You have done a great thing by donating to your favorite charity. You are helping others in desperate need of help. You feel good about the donation. On top of it all, you can deduct the donation on your IRS tax return. Here are 5 tax tips for deducting  charitable contributions on your IRS tax return.

Tax Tip #1: Keep Proper Records

We recommend placing proof of donations made in a folder kept in a safe place. For cash donations less than $250, keep bank records, cancelled checks, receipts, or credit card statements. For cash donations greater than $500, you must keep a record of the donation and obtain a letter from the charity at the end of the year.

For noncash donations of $500 or less, you must keep a receipt. There are additional IRS reporting requirements for noncash donations above $500. Check with your tax adviser for more information.

Tax Tip #2: Travel Expenses while Volunteering May be Deductible

You may be able to deduct travel expenses for volunteering at your local charity. The travel expenses must be directly connected to your volunteering services. Travel expenses may include air or bus transportation, auto expenses, lodging, and meals.

Tax Tip #3: Donated Services are Not Deductible

Business services donated to the charity are not deductible. For example, you are a painter. You agree to paint several rooms as part of a church remodeling project. The value of the labor you provide is not deductible. However, you can deduct the cost of materials such as paint and paint brushes as a charitable contribution.

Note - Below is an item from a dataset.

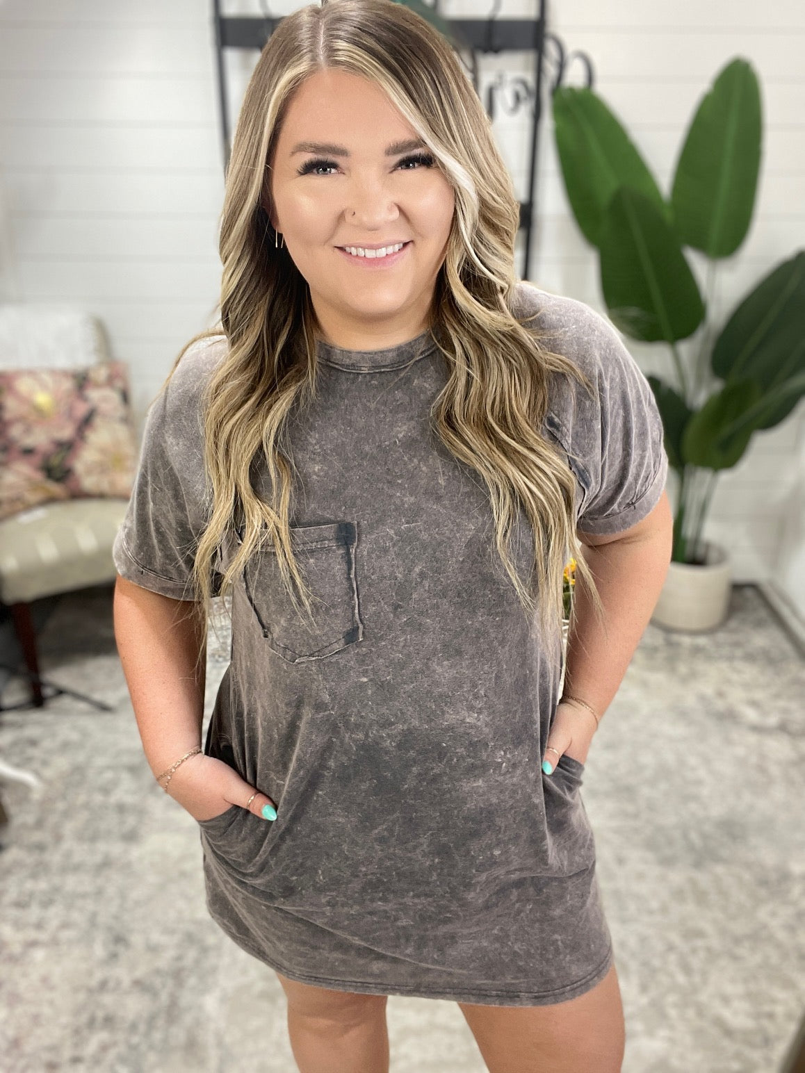 Be the ultimate style maven with our Let Me Pick Mineral Wash Dress! This lightweight jersey knit dress features a round neckline and raglan sleeves for a relaxed, yet chic look. The tacked sleeve cuff and exposed hem patch pocket add unique touches, while functional side pockets provide practicality. Perfect for any occasion, this dress is sure to be your new go-to!

Tax Tip #4: Confirm IRS Non-Profit Status

This may seem silly to ask. You do not need to confirm the non-profit status of Red Cross, United Way, Salvation Army, or any other known charity organization. But you may want to check the non-profit status of lesser known organizations. Your donation to the organization is deductible only if the organization has established non-profit status with the IRS.

Tax Tip #5: Benefits Received in Return

Your charitable donation must be reduced by any benefits received in return. For example, you attended a charitable dinner. The cost per person is $150. The value of the dinner served is $50 per person. You must reduce your charitable donation by the value of the dinner. Your deductible charitable contribution is $100. (150 – 50 = 100)

IRS Circular 230 Disclosure: To the extent this writing contains advice on a federal tax issue, the advice is not intended to be used, and cannot be used, for the purpose of (i) avoiding penalties under the Internal Revenue Code, or (ii) promoting, marketing, or recommending to another party any transaction or matter addressed in this communication.